What does one do...
...with Not!Tuna in a packet?
I recently found, at Vegan's Choice, a frozen pack of "tuna". For some reason, I felt that I had to get it and find something to do with it.
I eventually settled on steaming it (I wish I'd taken a photo - it was a very weird oil covered pink frozen block to begin with) and then breaking it up into bite size bits, and making a pasta sauce with it.
And it was delicious! Not something I'd buy again on purpose, but something to keep in mind for future weird-meat-analogue food escapades...
Chilli Not!Tuna and Pea Pasta Sauce
Makes between 2 and 4 servings (depending upon how hungry/greedy you are)
- 3 cloves garlic, minced
- 2 teaspoons chilli flakes (or 1 fresh birds eye chilli, minced)

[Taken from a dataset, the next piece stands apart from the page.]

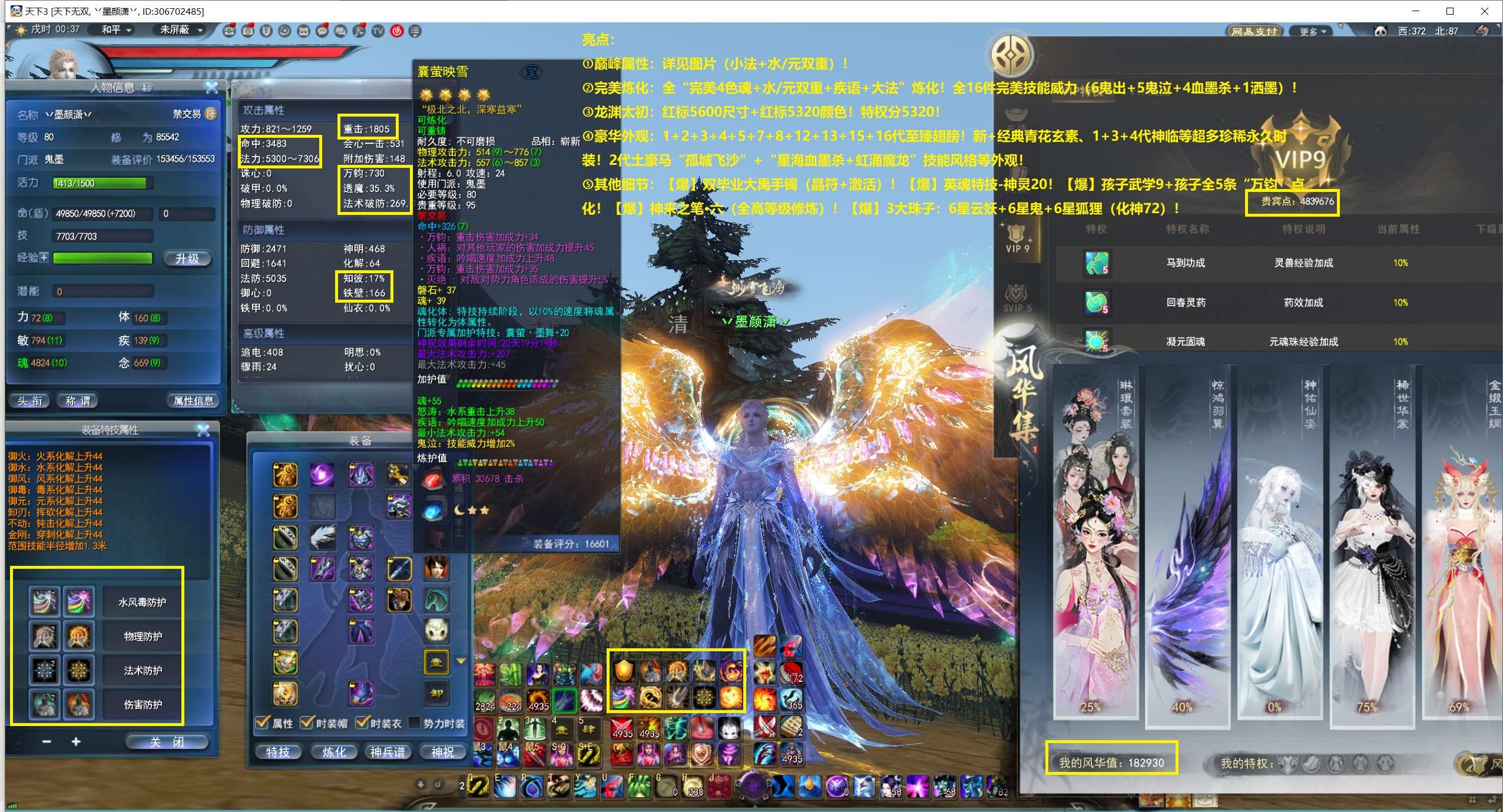 亮点: ①巅峰属性:详见图片(小法+水/元双重)! ②完美炼化:全“完美4色魂+水/元双重+疾语+大法”炼化!全16件完美技能威力(6鬼出+5鬼泣+4血墨杀+1洒墨)! ③龙渊太初:红标5600尺寸+红标5320颜色!特权分5320! ④豪华外观:1+2+3+4+5+7+8+12+13+15+16代至臻翅膀!新+经典青花玄素、1+3+4代神临等超多珍稀永久时装!2代土豪马“孤城飞沙”+“星海血墨杀+虹涌魔龙”技能风格等外观!

- 1 packet Not!Tuna (or about 1 and 1/2 cups of meat analogue of choice), steamed and broken into bite size pieces
- 2 tablespoons tomato paste
- 1 can crushed tomatoes
- 1 cup frozen peas
- 1 to 2 tablespoons vegan Worcestershire sauce
- 1 to 2 tablespoons Braggs
- juice of one lemon
- 1/2 cup flat leaf parsley, roughly chopped
- olive oil
Heat the olive oil in a frying pan over a medium heat, and fry the garlic and chilli flakes until fragrant. Add the Not!Tuna and toss to coat with the garlic and chilli. Mix in the tomato paste, and deglaze with the lemon juice, vegan Worcestershire sauce and Braggs. Mix together well.
Pour in the crushed tomatoes, and about half a can's worth of water. Combine, and leave to simmer over a medium low heat for about 15 minutes.
Put on your pasta of choice to cook. I used wholemeal spaghetti for this, and it was a lovely combination.
Add the peas, and simmer for another 10 to 15 minutes.
Take off the heat and stir through the parsley.
Drain pasta and place on plate. Spoon as much (or as little) sauce on top of the pasta as you want.
Optional: Sprinkle with some nutritional yeast and lemon zest before serving.